В тот вечер она ничего не сказала. Просто открыла ноутбук, оформила на себя автокредит и купила машину. Не новую, но свою. Красная, как её злость. Ей казалось, что если она не сможет сохранить свои сбережения, то хотя бы закатает их на колёсах. Павел моргнул пару раз, увидев во дворе седан, но вслух не сказал ничего. Разве что хмыкнул:

— Ну, как-то громко ты решила обозначить свои границы…

Запрещённое слово. Удалить.

С тех пор прошло две недели. Машина стояла под окном. Анна ехала на ней на работу, слушала Сюткина и впервые за долгое время чувствовала себя как-то… живой.

А потом была та суббота.

Она вернулась из салона — записалась наконец на маникюр, впервые за полгода. Настроение было почти терпимое. Пока не заметила, что во дворе пусто.

— Где машина? — спросила она, заходя в квартиру.

Павел даже не обернулся от телевизора:

— А, ну… Мама же звонила. Говорит, сосед хочет купить. Срочно. Мы с ней всё оформили. Там, кстати, документы в тумбочке.

Мы с ней.

Мы с ней.

Анна достала из тумбочки папку. Подписанные бумаги. Купля-продажа. Печати. Всё по закону. Только без неё.

— Ты серьёзно? — голос стал низким. Таким, каким он бывает перед грозой. — Ты продал мою машину. Без моего согласия?

Павел посмотрел на неё, как кот, которого застали за унитазом.

— Ну ты ж всё равно говорила, что не надолго. Мы потом купим тебе новую. Мама даже готова добавить…

В этот момент в неё вселился дух Сталина. И Раневской. И, возможно, какого-то грузинского прокурора.

— Ты… Ты… — она пошатнулась, опираясь на спинку стула. — Ты... ничтожество, Паш. Ты предал меня дважды: как муж — и как человек. Сначала ты отдал наши деньги. Потом — мою свободу.

Он хотел что-то сказать. Но она не слушала. Вышла. Позвонила подруге. Позвонила нотариусу. И, чёрт возьми, юристу. По семейному праву.

В воскресенье они с Павлом впервые за долгое время ужинали молча. Без телефонов. Без «мамы». Только с одной бумагой на столе — повесткой в суд.

— Это что? — пробормотал он.

Анна подняла глаза:

— Развод, Паш. И компенсация. За машину, за нервы, за всё.

Он сглотнул.

— Ну… может, не стоит спешить?

Она усмехнулась:

— Я уже опоздала, Паш. Года на три.

Анна проснулась в семь утра. Хотя выходной. Хотя спала три часа. Хотя до суда — неделя.

Она лежала на спине, смотрела в потолок и чувствовала, как от сердца до кончиков пальцев по телу ползёт одна единственная мысль: «Меня продали. Мою машину. Мою свободу. Меня».

На кухне был туман. От кипящего чайника. Павел, как обычно, встал первым. На плите — его фирменная яичница, к которой Анна больше никогда не притронется. Она прошла мимо, не сказав ни слова.

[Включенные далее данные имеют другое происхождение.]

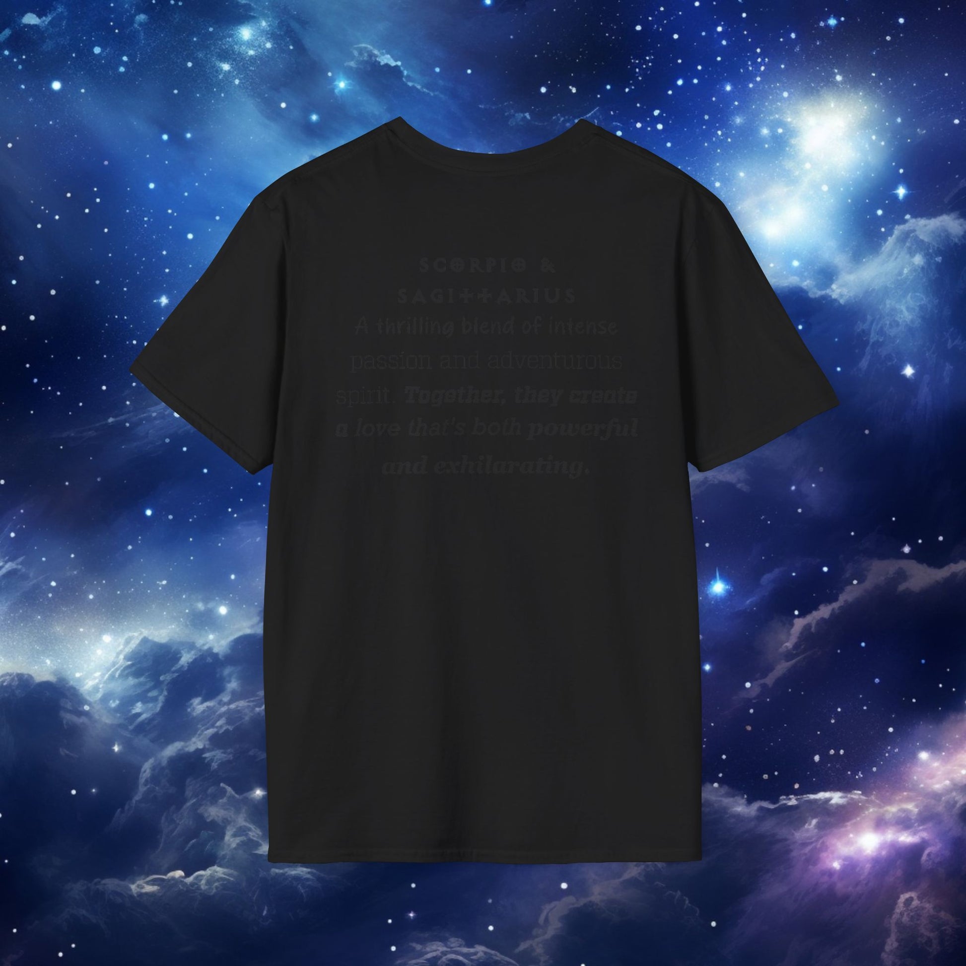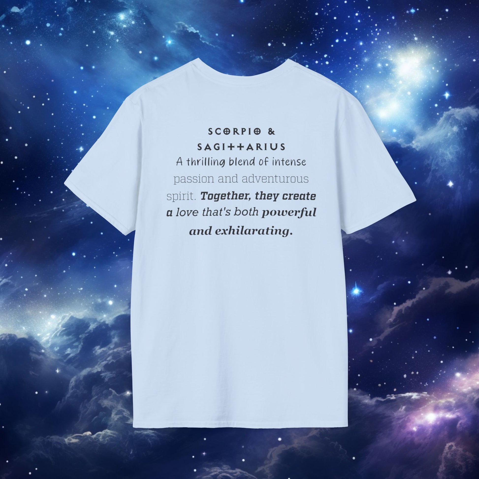 Astrology Zodiac T-Shirt featuring Scorpio and Sagittarius symbols with a love description on the back. This softstyle T-Shirt gives off a mystical vibe and is perfect for astrology enthusiasts. Ideal for those who celebrate birthdays under the Scorpio or Sagittarius signs. Great for casual wear or as a unique gift for astrology lovers.

— Анют, ну хватит уже дуться, — промямлил он, поставив на стол две кружки. — Всё ж не так серьёзно… Это всего лишь машина.

— Это всего лишь предательство, — спокойно ответила она. — Ты бы с таким подходом в прокуратуре поработал. «Ну подумаешь, украл. Чуть-чуть же».

Он оторопел.

— Ты всегда всё усложняешь. Мы ведь вместе! Зачем сразу суд, адвокат, вот это всё?

Анна не выдержала. Она рассмеялась. Зло, коротко, будто выдохнула сарказм из лёгких.

— Мы? Ты серьёзно? Павел, у нас нет «мы». Есть ты. И есть твоя мама, которая, кажется, в отношениях с тобой крепче, чем я за весь этот брак.

— Да не начинай ты опять! — Он резко встал. — Это ты вечно всех обвиняешь. Мама не виновата, что ты не умеешь ладить.

— Не умею ладить? — Анна покачала головой. — Я пыталась. Я мыла ей окна. Я дарила ей подарки. Я держала рот на замке, когда она заявляла, что моя работа — «так, баловство». А потом она пришла и продала мою машину, Павел. Без звонка. Без обсуждения. Без извинений.

Он замолчал. Понял. Хотя нет. Он не понял. Он просто понял, что она поняла. И теперь не остановится.

В суде было прохладно. Стулья неудобные, как и весь этот брак.

— Стороны, есть ли возможность урегулировать спор мирно? — спросил судья.

Анна посмотрела на Павла. У него был вид человека, который до сих пор надеется, что она «передумает».

— Нет. Я требую компенсацию полной стоимости автомобиля, моральный ущерб и официального развода, — сказала она, чётко выговаривая каждое слово.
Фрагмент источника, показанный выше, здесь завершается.